I initially started using git with a mirror maintained by Julien Rivaud. Unfortunately, there was some flakiness with the cron job, and the repository would often stop updating from mozilla-central. So I decided to generate my own mirror. Edit: Julien mentions in the comments that the repository should be reliable now. Give it a shot!
Long-story short: don't use hg-git. It chokes miserably on mozilla-central. Instead, use hg-fast-export. Let it run overnight, and it should be done in the morning. Incremental updates are also very fast (roughly linear in the number of new commits), so I don't ever find myself waiting for it.
- From a general zippiness standpoint, git seems about 5 times faster than Mercurial. Your mileage may vary.
- Overall, I really like the garbage-collection model of git. With Mercurial, rewriting history involves stripping entries out of the repository, which can be very slow. With git, unwanted objects go away just by redirecting pointers, and they're still recoverable (with careful munging) until the next git gc.
- I've found that I'm spending a lot less time dealing with merge conflicts than I did when I was using hg/mq.
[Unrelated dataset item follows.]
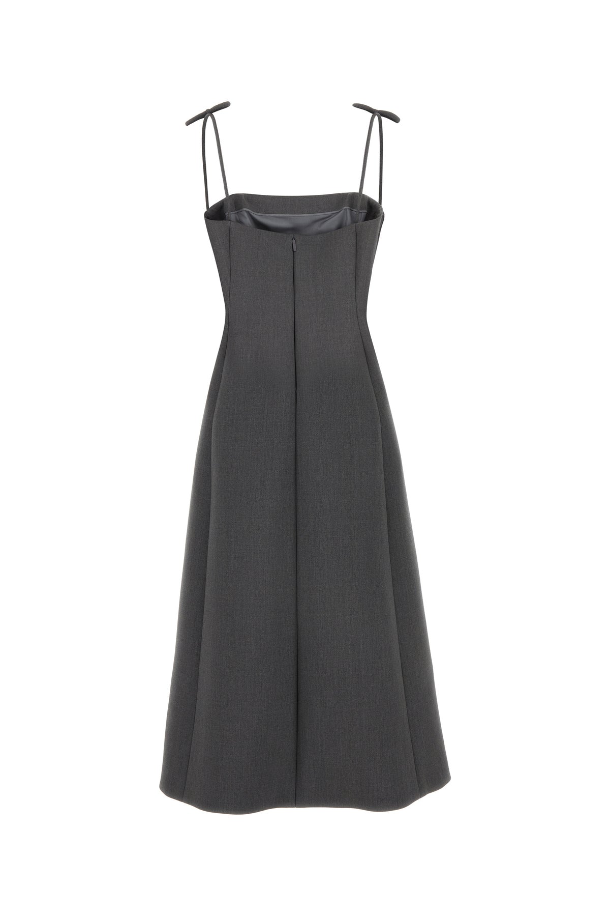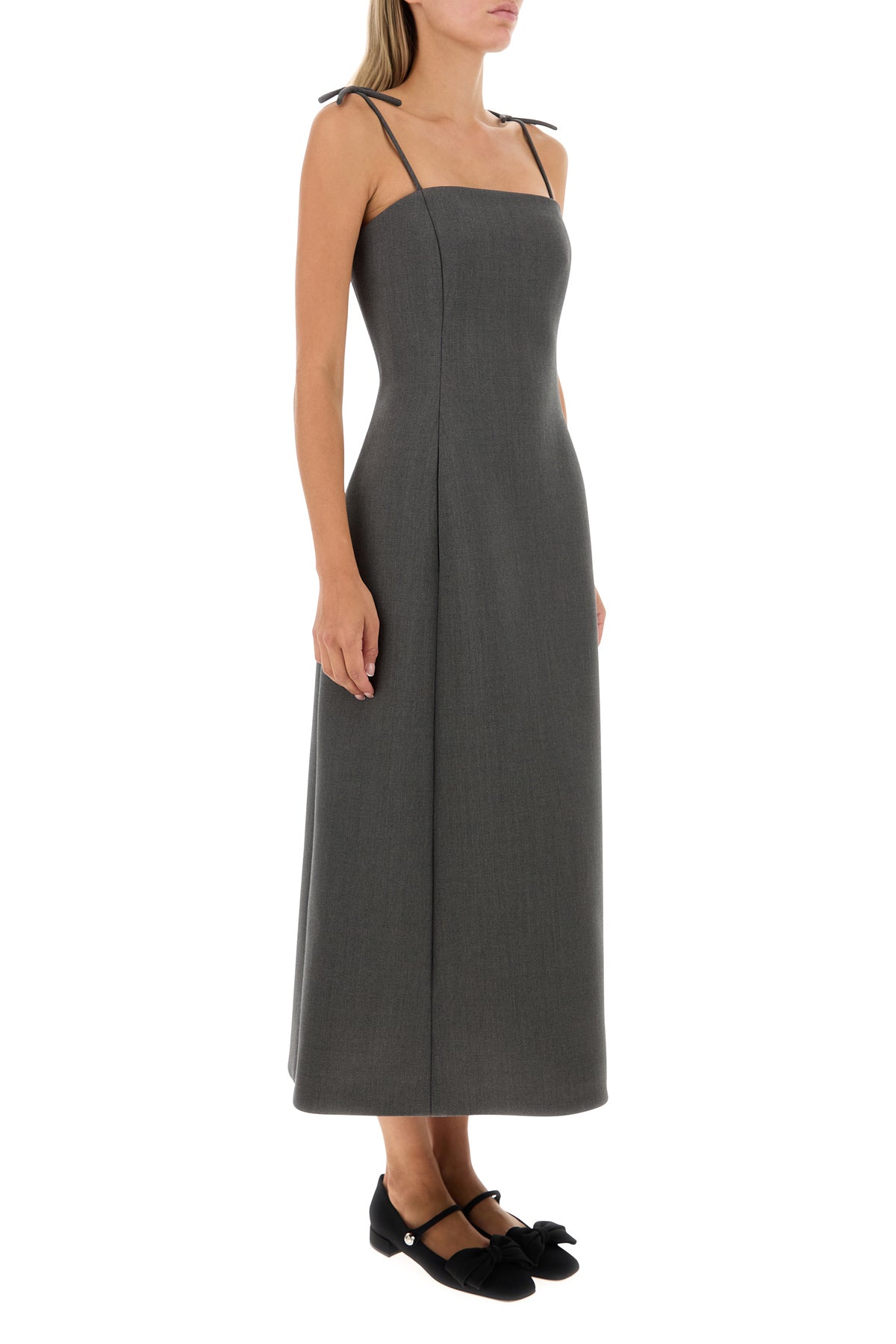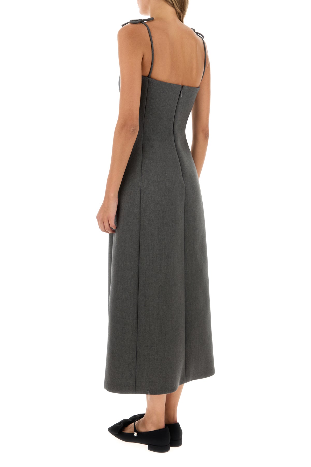 Dress realized in stretch wool enriched by decorative bows on the thin shoulder straps.
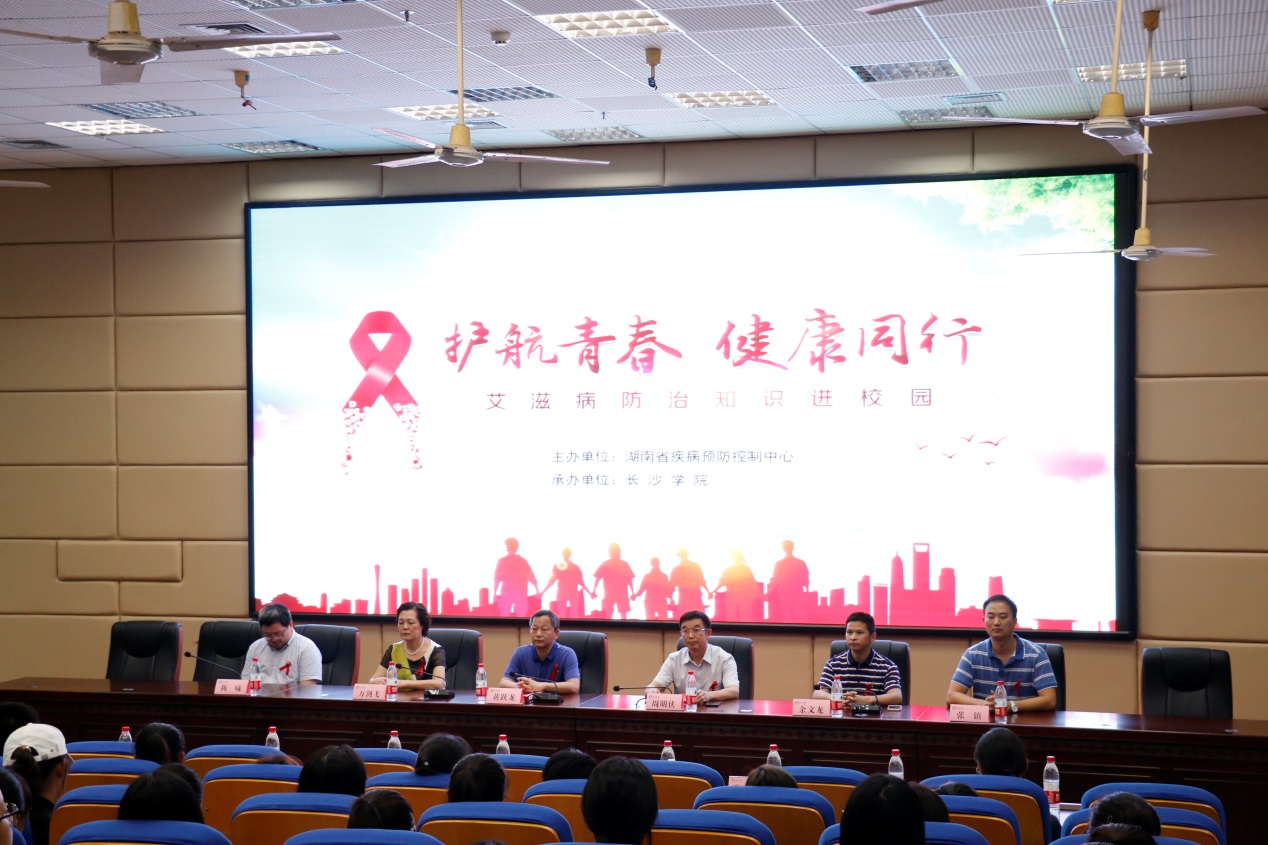 为全面落实健康中国行动,进一步推进高校预防艾滋病工作,9月23日下午,湖南省疾控中心联合开云kaiyun官方网站举办了“护航青春,健康同行”艾滋病防治知识进校园活动。湖南省疾病预防控制中心党委书记黄跃龙,开云kaiyun官方网站党委委员、副校长周明侠出席了活动。

Git seems to be pretty smart about these things, and I think it uses 3 lines of context internally. In contrast, it's standard to use 8 lines of context for mq patches so they can be easily exported to bugzilla. I've modified git-bz to generate 8 lines of context when posting to bugzilla, which allows me to be more efficient locally while still sharing my work in the appropriate format.
There's lots more to say about git, but I think that this is enough for now. Share your experiences in the comments!